Question

Reflection by thin layers. In Fig. 35-42, light is incident perpendicularly on a thin layer of material 2 that lies between (thicker) materials 1 and 3. (The rays are tilted only for clarity.) The waves of rays ${\mathit{r}}_{\mathbf{1}}$and ${\mathit{r}}_{\mathbf{2}}$interfere, and here we consider the type of interference to be either maximum (max) or minimum (min). For this situation, each problem in Table 35- 2 refers to the indexes of refraction ${\mathit{n}}_{\mathbf{1}}$, ${\mathit{n}}_{\mathbf{2}}$, and ${\mathit{n}}_{\mathbf{3}}$, the type of interference, the thin-layer thickness in nanometres, and the wavelength λ in nanometres of the light as measured in air. Where $\mathit{\lambda }$is missing, give the wavelength that is in the visible range. Where $\mathit{L}$is missing, give the second least thickness or the third least thickness as indicated.

Short answer

The wavelength of the reflected light is $455\text{nm}$.

Step-by-step solution

Interference in thin films:

Light interference is the cause of the vivid colors that thin oil on water and soap bubbles reflect. These vivid hues can be seen because of the light reflection from the thin film's front and rear surfaces' constructive interference.

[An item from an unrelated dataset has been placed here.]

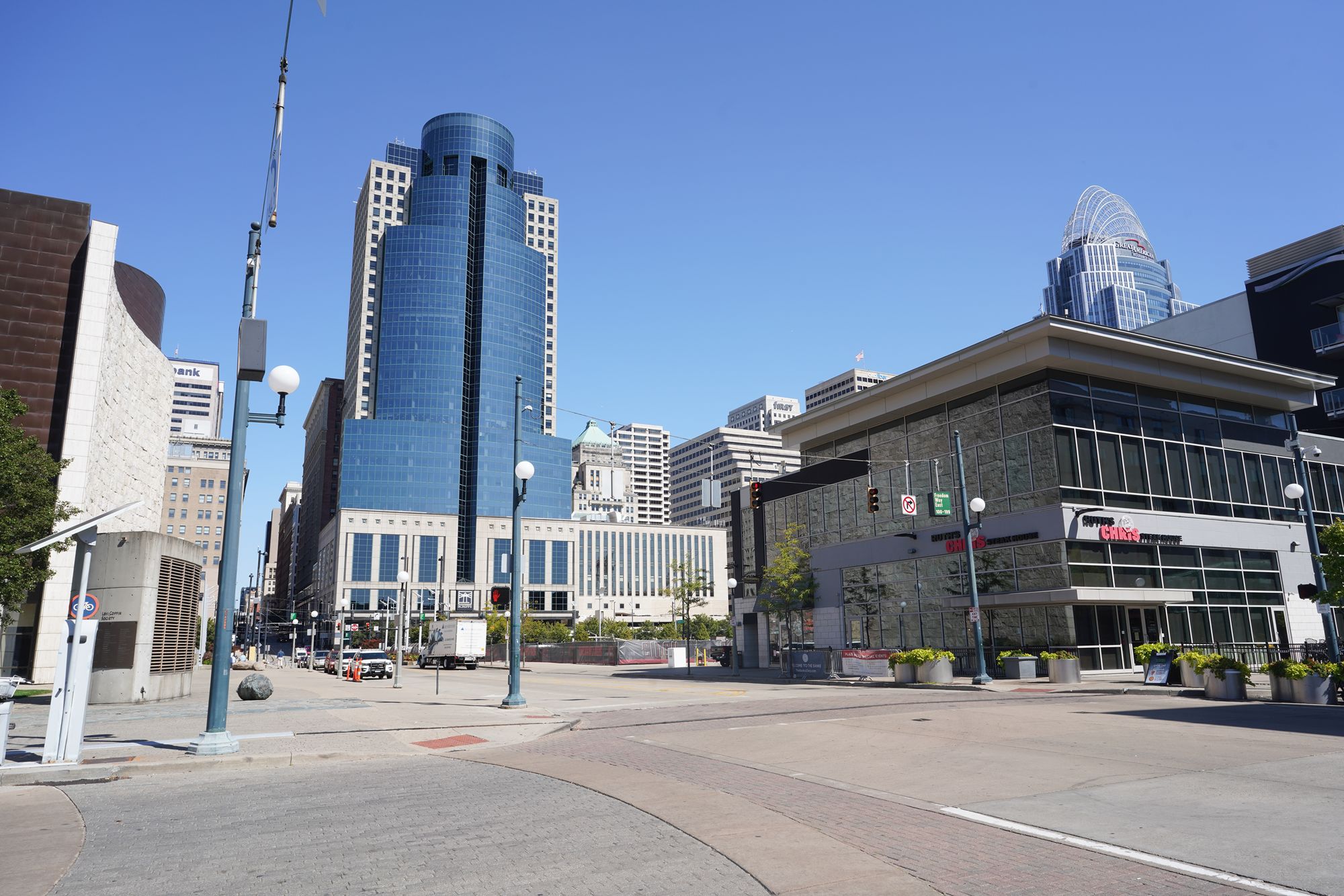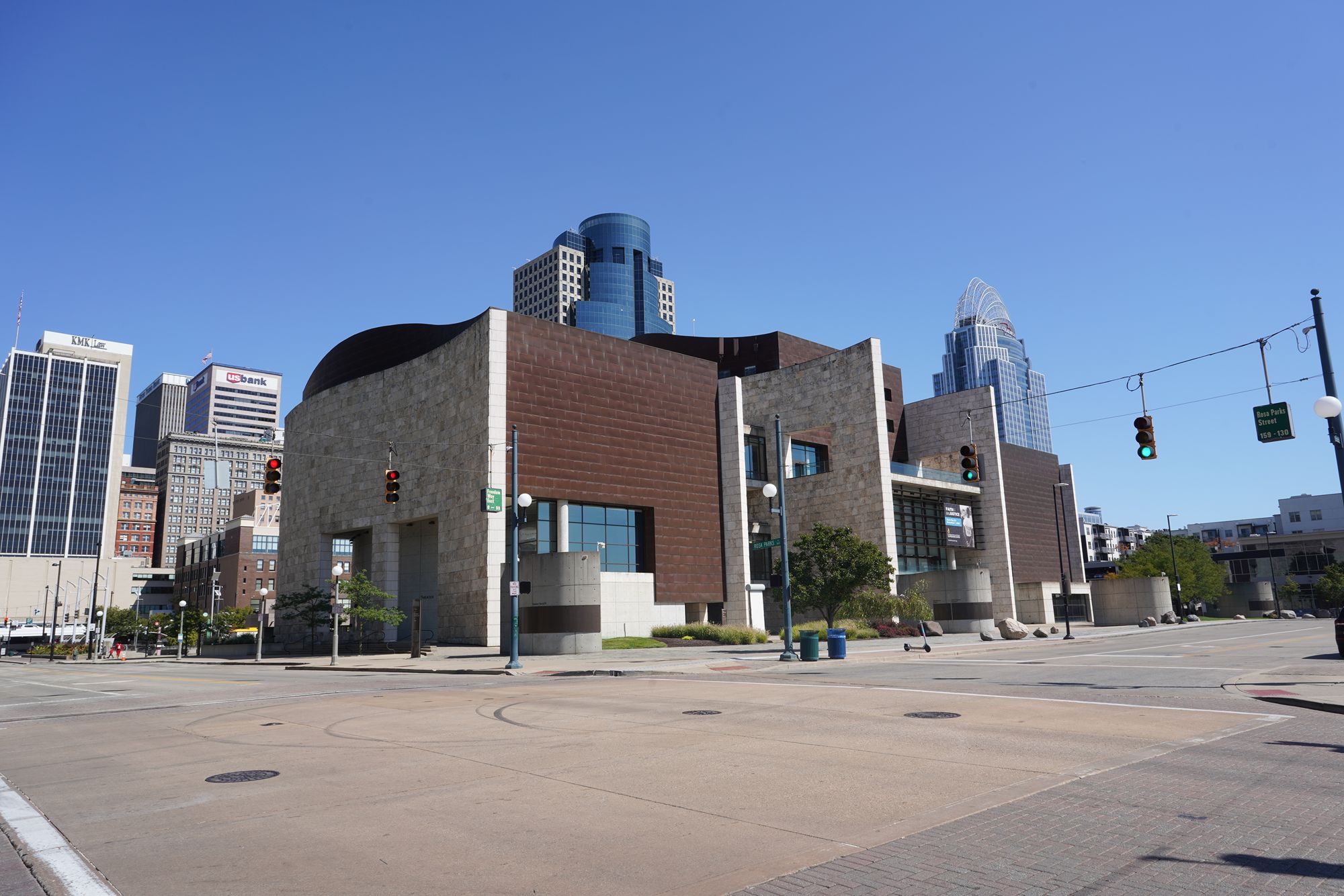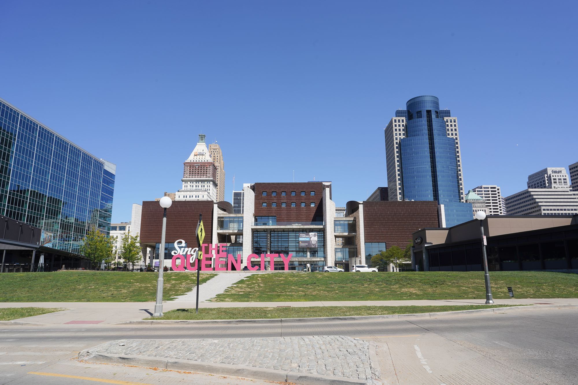 The left brown building is the National Underground Railroad Freedom Center

For a perpendicular incident beam, the maximum intensity of light from the thin film satisfies the condition:(Maxima—bright film in the air)

$2L=\left(m+\frac{1}{2}\right)\frac{\lambda }{n_2}m=0,1,2,...$(Maxima—bright film in the air)

$2L=m\frac{\lambda }{n_2}m=1,2,3,..$(Minima)

Where, $\lambda$is the wavelength of the light in air, $L$is its thickness, and $n_2$is the film’s refractive index.

Determine the wavelength of light:

Here, in this case, light travels in a medium with $n_1=1.32$and incident on the thin layer whose refractive index is $n_2=1.75$and the reflected light has phase change as the light is reflected off the denser medium. And then, the refracted light gets reflected of the back surface $n_3=1.39$while traveling through the film.

This results in no phase change. The total phase difference between $r_1$and $r_2$ is ${180}^o$.

As a result, the condition for constructive interference or maximum intensity is,

$$\begin{gathered} 2L=\left(m+\frac{1}{2}\right)\frac{\lambda }{n_2} \\ \lambda =\frac{4L{n}_2}{2m+1} \end{gathered}$$

The wavelength for first few orders is as below.

For : $m=0$

localid="1663011607370" $$\begin{gathered} \lambda =\frac{4\left(325nm\right)\left(1.75\right)}{2\left(0\right)+1} \\ =2275\text{nm} \end{gathered}$$

For:$m=1$

localid="1663011956572" $\begin{array}{l}\lambda =\frac{4\left(325\mathrm{mm}\right)(1.75)}{2\left(1\right)+1}\\ =758\mathrm{mm}\end{array}$

For :$m=2$

$$\begin{gathered} \lambda =\frac{4(325\text{mm})(1.75)}{2\left(2\right)+1} \\ =455\text{nm} \end{gathered}$$

As $455\text{nm}$is in the visible range, the wavelength of the light is $455\text{nm}$.